* _Work instructions_: Retype each line below precisely and omit all images.

* _Recorded data_:
────────

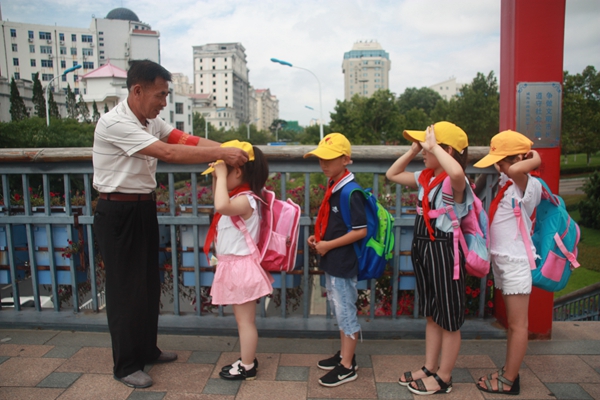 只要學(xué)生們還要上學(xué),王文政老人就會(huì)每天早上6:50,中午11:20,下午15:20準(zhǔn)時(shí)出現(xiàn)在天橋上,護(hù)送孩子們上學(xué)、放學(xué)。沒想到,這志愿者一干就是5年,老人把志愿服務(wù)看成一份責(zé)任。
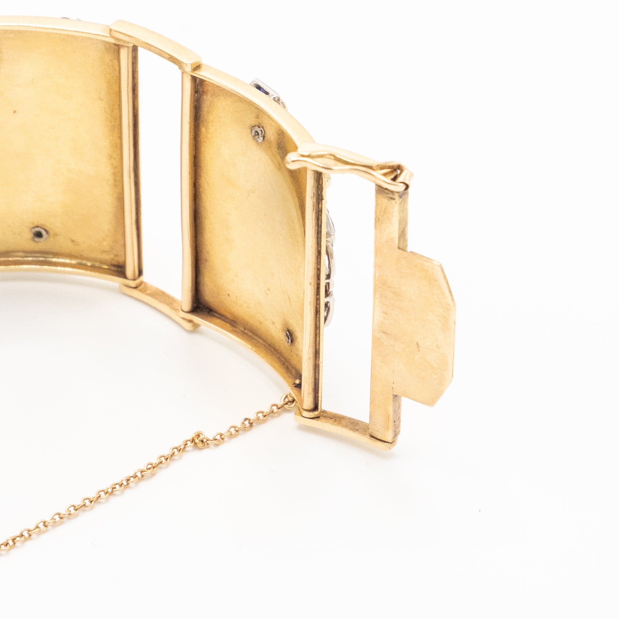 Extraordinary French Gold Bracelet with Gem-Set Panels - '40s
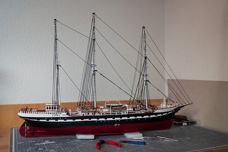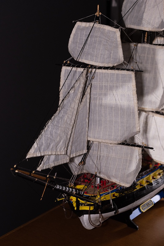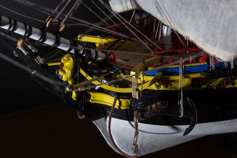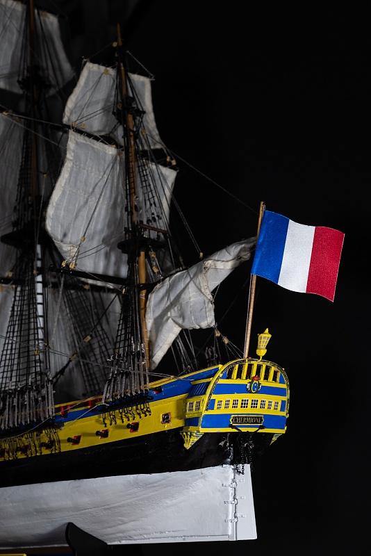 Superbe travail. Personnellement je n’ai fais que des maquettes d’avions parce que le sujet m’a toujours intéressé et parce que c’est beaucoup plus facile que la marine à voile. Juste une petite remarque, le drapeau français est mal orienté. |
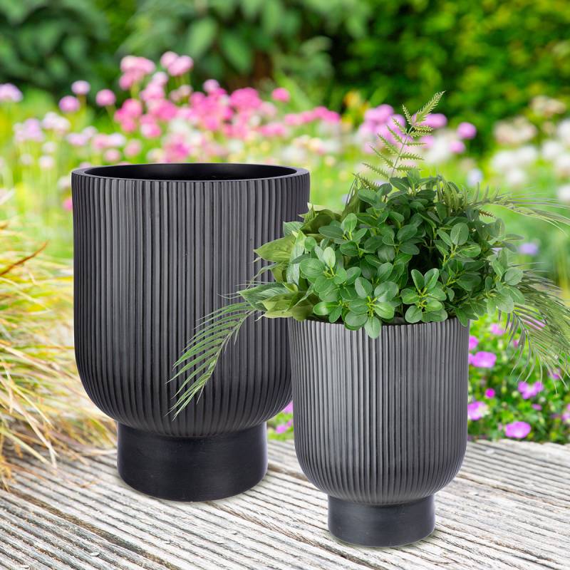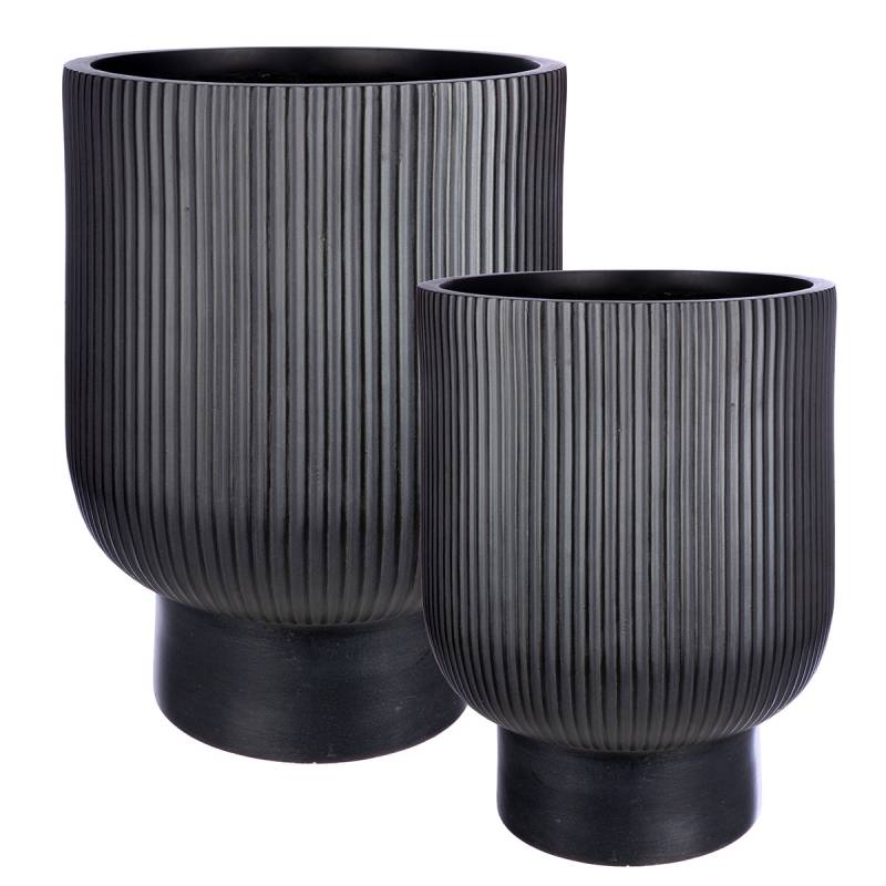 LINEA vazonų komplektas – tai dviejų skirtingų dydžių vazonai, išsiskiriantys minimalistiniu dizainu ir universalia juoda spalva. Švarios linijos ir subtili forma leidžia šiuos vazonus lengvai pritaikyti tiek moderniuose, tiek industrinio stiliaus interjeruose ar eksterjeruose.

────────

* _Output_:
 只要學(xué)生們還要上學(xué),王文政老人就會(huì)每天早上6:50,中午11:20,下午15:20準(zhǔn)時(shí)出現(xiàn)在天橋上,護(hù)送孩子們上學(xué)、放學(xué)。沒想到,這志愿者一干就是5年,老人把志愿服務(wù)看成一份責(zé)任。
 Extraordinary French Gold Bracelet with Gem-Set Panels - '40s
 Superbe travail. Personnellement je n’ai fais que des maquettes d’avions parce que le sujet m’a toujours intéressé et parce que c’est beaucoup plus facile que la marine à voile. Juste une petite remarque, le drapeau français est mal orienté. |
 LINEA vazonų komplektas – tai dviejų skirtingų dydžių vazonai, išsiskiriantys minimalistiniu dizainu ir universalia juoda spalva. Švarios linijos ir subtili forma leidžia šiuos vazonus lengvai pritaikyti tiek moderniuose, tiek industrinio stiliaus interjeruose ar eksterjeruose.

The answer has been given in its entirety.